[comp.arch] Benchmarking performance vs. robustness

dgh@validgh.com (David G. Hough on validgh) (06/10/91)
There's been an ongoing discussion of issues of performance vs. robustness in
comp.arch.  How much is it worth to improve the performance on the 
"common" case at the cost of producing wrong results on "uncommon"
cases?  "uncommon" is not necessarily rare, of course.

IEEE 754 floating-point arithmetic was intended to increase the domain
of problems for which good results could be obtained, and to increase the
likelihood of getting error indications if good results could not be obtained,
all without significantly degrading performance on "common" cases and
without significantly increasing total system cost relative to sloppy
arithmetic.

Since none of these goals are very quantitative, 
people will argue about how well they've been achieved.

Part of the problem is that the benchmark programs in use measure only
common cases.  Various versions of the Linpack benchmark all have in common
that the data is taken from a uniform random distribution, producing problems
of very good condition.   So the worst possible linear
equation solver algorithm running on the dirtiest possible floating-point
hardware should be able to produce a reasonably small residual, even for
input problems of very large dimension.

Such problems may actually correspond to some realistic applications, but many
other realistic applications
tend at times to get data that is much closer to the boundaries of
reliable performance.   This means that the same algorithms and input data
will fail on some computer systems and not on others.   In consequence
benchmark suites that are developed by consortia of manufacturers 
proceeding largely by consensus, such as SPEC, will tend to exclude
applications, however realistic, for which results of comparable quality
can't be obtained by all the members' systems.

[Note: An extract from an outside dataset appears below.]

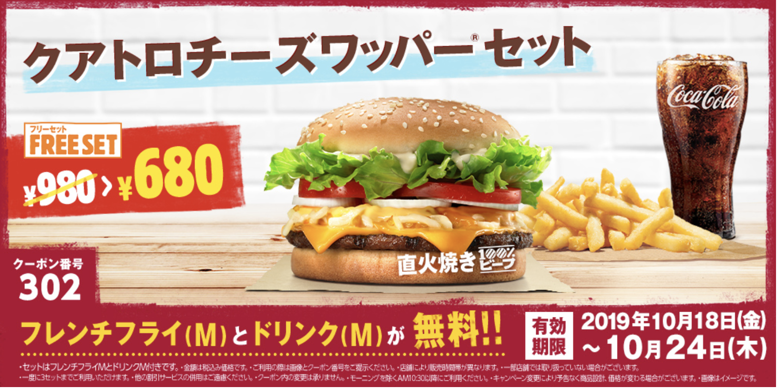 バーガーキングのクアトロチーズワッパーセット300円引きクーポン Published 2019年10月19日 at 1598 × 802 in 【2024年2月最新】バーガーキングの割引クーポン厳選まとめ情報 広告 ← Previous Next →
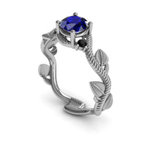 White Gold 0.84 Carat Round Cut Sapphire Nature Leaf Engagement Ring - If she loves Mother Nature, she's going to love our 'Allison' Leaf engagement ring. This Unique Engagement Ring is set in sparkling solid Gold and decorated with Leaves and Branches to create a beautiful unique ring. Set with a large 6mm center stone and smaller side stones, the result is a perfect engagement ring to make her say yes.

The user's own applications is always the best benchmark, but because of
practical difficulties it makes more sense for consortia of users in various
industries to specify in a general way the problems to be solved in terms
of input data, sample algorithms, and a measure of correctness of the computed
results, and then allow fairly radical recoding of the algorithms to solve
the problems on particular architectures.  This is more like the way the 
PERFECT club works than like SPEC.   The most important thing is that the
published performance and correctness results should be accompanied by the
source code (and Makefiles etc.) that achieves them so that prospective
purchasers can determine for themselves the relevance of the results to their
particular requirements.  Most users place a great premium on NOT rewriting
any source code, but others are willing to do whatever is necessary to get
their jobs done.

The rules for the 1000x1000 Linpack benchmark, for instance, are that you
have to use the provided program for generating the input data and testing
the results, but you get to recode the linear equation solution itself,
the part that gets timed, in any way that makes sense for a particular
architecture.
-- 

David Hough

dgh@validgh.com		uunet!validgh!dgh	na.hough@na-net.ornl.gov